Traditionally, the transportation department in most companies has busied itself with order consolidation, mode and carrier selection, tendering and freight settlement, pleased when it could get the product to the right place, hopefully on time, and with as few glitches as possible. Today, however, the scope of transportation management is expanding, and corporations — and their customers — are demanding that it also provide information visibility and synchronization for competitive advantage.
According to a report, "New Strategies for Transportation Management," published by the Boston-based research and analyst firm Aberdeen Group, more than a third of the respondents to its corresponding survey said they plan to adopt process changes over the next 18 months in order to deal with these internal and external changes.
"Because of these new pressures, it is vital for all companies to undertake improvement activity or they will find their hard-won freight cost reductions and service level improvement eroding away," the report stresses.
Aberdeen classifies "best-in-class" companies as the 20 percent that use practices that are the best currently being employed and that are superior to the industry norm. The report states that these firms are seeing cost and service benefits, as well as higher returns, because of their transportation initiatives. A full 40 percent of best-in-class firms testify to lower or dramatically lower than average transportation costs, and they also have better on-time delivery rates and larger absolute improvements than their peers.

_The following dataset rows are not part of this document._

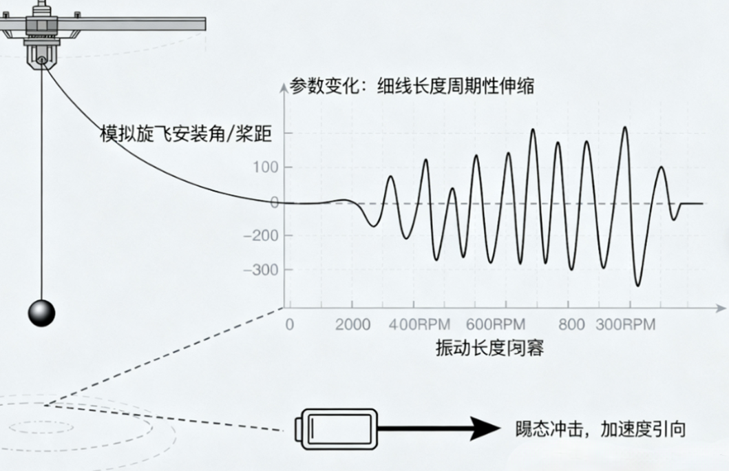 在倾转过程中,旋翼安装角、桨距等系统参数的动态变化会导致振动特性改变。例如,某型号eVTOL在垂直起降向巡航过渡时,转速从600RPM降至300RPM,气动载荷的周期性波动会引发参数激励。同时,电池系统在飞行阶段切换时承受的瞬态冲击也属于参数振动范畴。
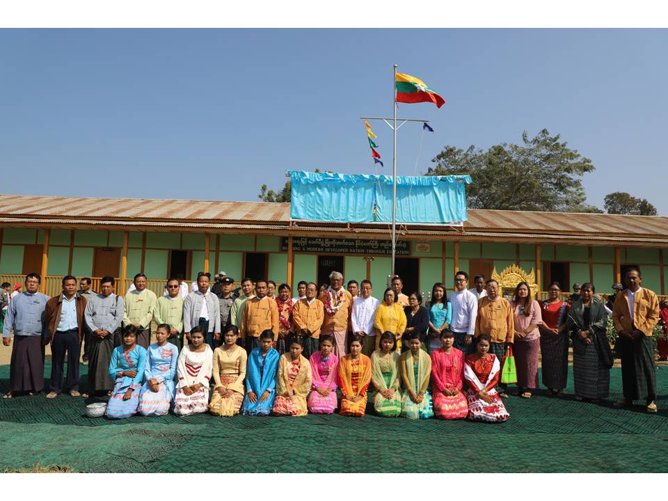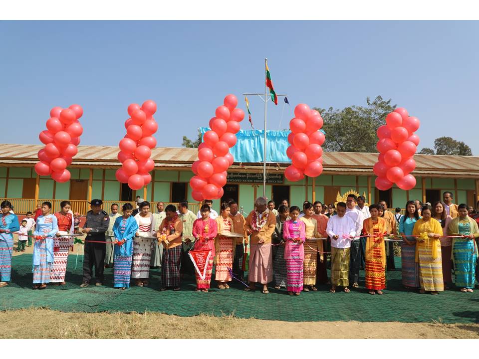 ထို့နောက် အလှူရှင် (အဉ္ဇလီဖြိုး) ဆောက်လုပ်ရေးကုမ္ပဏီ ဦးခင်မောင်လင်း+ဒေါ်ခင်အေးချို မိသားစုတို့က ကျောင်းဆောင်သစ် အထိမ်းအမှတ်အလံကို ပေးအပ်ရာ တိုင်းဒေသကြီး လူမှုရေးဝန်ကြီးမှ လက်ခံရယူပြီး ဂုဏ်ပြုမှတ်တမ်းလွှာများကို ပြန်လည်ပေးအပ်ခဲ့ကြောင်း သိရသည်။
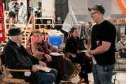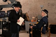 Charles, as Brazzos, stands from his wheelchair, saying he can still send the investigation in a new direction. The director calls for Charles to freeze and has Sazz tap in for him. Sazz takes her position and jumps off the roof, landing on an airbag below. She puts up her thumb to show she's okay and the director calls cut. Sazz climbs off the airbag and grabs an ice pack, which she presses to her neck. Sazz sits on a box turned sideways and watches one of the writers from Brazzos eat a plate of food someone else brought her. Charles comes up to Sazz, asking if she's okay. She tells him she's all good. He says he's getting worse with heights and she tells him she has him, so he doesn't have to worry about a thing.
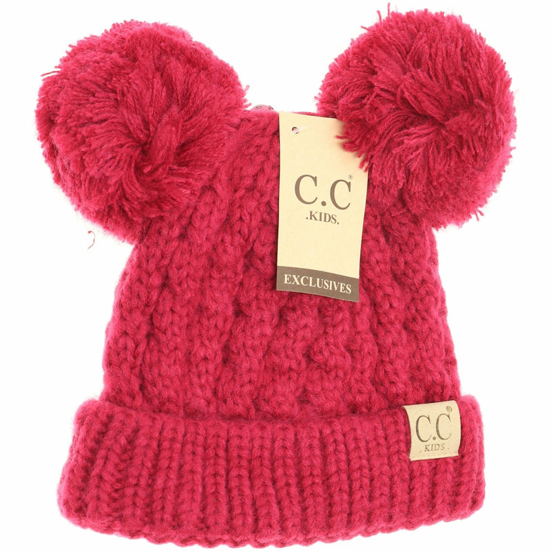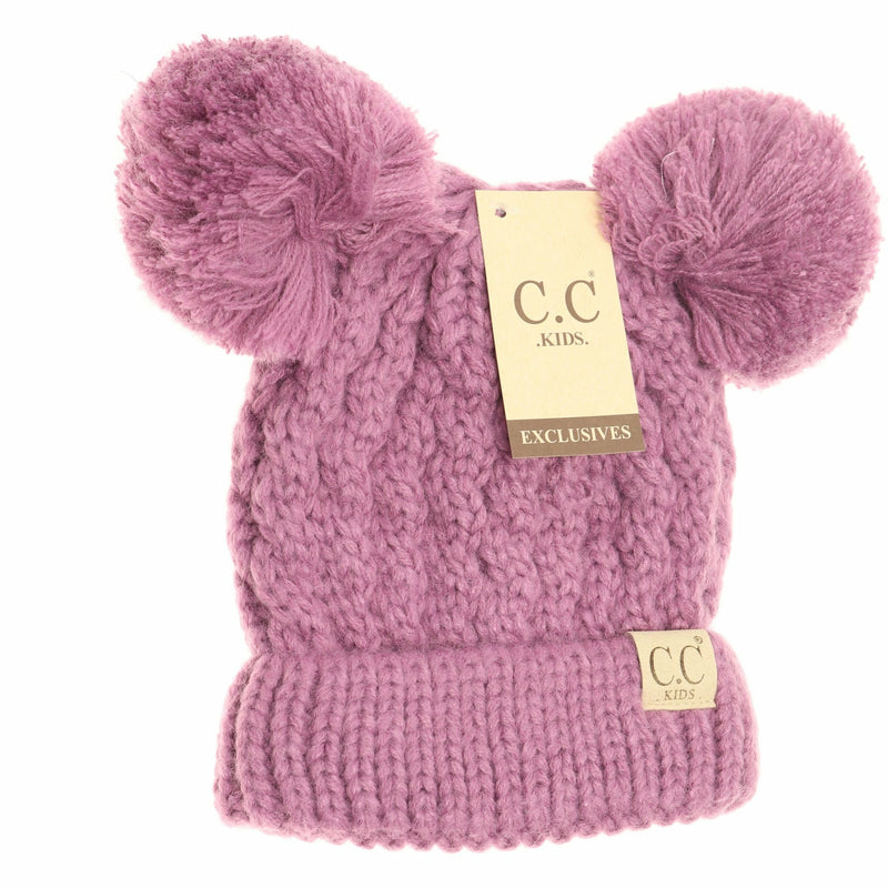 Now a solid color double pom CC Beanie to adorn the cutest member of your family! These adorable beanies feature a solid knit design with a double pom!

The report says that to compete, companies must implement technology that goes beyond the local traffic department to enable rate calculations, shipment visibility, and faster and more sophisticated planning processes. Twenty-nine percent of companies surveyed said they are already taking the next step, switching from homegrown applications and spreadsheets to commercial transportation applications within the next 18 months.
Additionally, the report states, best-in-class and "industry norm" (the 50 percent of companies that use practices representing the average industry performance) companies are doing the following to improve their transportation performance: making fulfillment processes more demand-driven (responsive to customer requests, reactive to end-demand signals); controlling inbound freight; aligning transportation networks with cost and service objectives; and working with partners to create economical transportation processes.
So what can your company do to ensure your transportation processes are competitive? Aberdeen suggests that corporations learn to be better customers, working with carriers to rein in costs and secure capacity. This includes such steps as automating the carrier process, reducing dock dwell times, implementing self-service appointment scheduling and sharing frequent capacity forecasts.
Transportation executives should also take definitive steps to establish the transportation function as a part of the end-to-end integrated processes within the organization. Help it to become recognized as an information and activity synchronization platform that can be used by others in your company. This can be accomplished by expanding the value of transportation information (i.e. for manufacturing, purchasing agents, merchandisers, etc.), establishing collaborative shipping schedules, enhancing inbound freight management and increasing transportation planning velocity, for example.
Overall, Aberdeen suggests that companies, regardless of their size or transportation sophistication, should:
- Rely on customer demand to prioritize any transportation improvements
- Deliver value to other parts of the organization through extended transportation management processes
- Use scorecards and analysis to identify the root causes of service failures and cost overruns
- Become more carrier-friendly, thus buffering the supply chain from capacity shortages and rate hikes.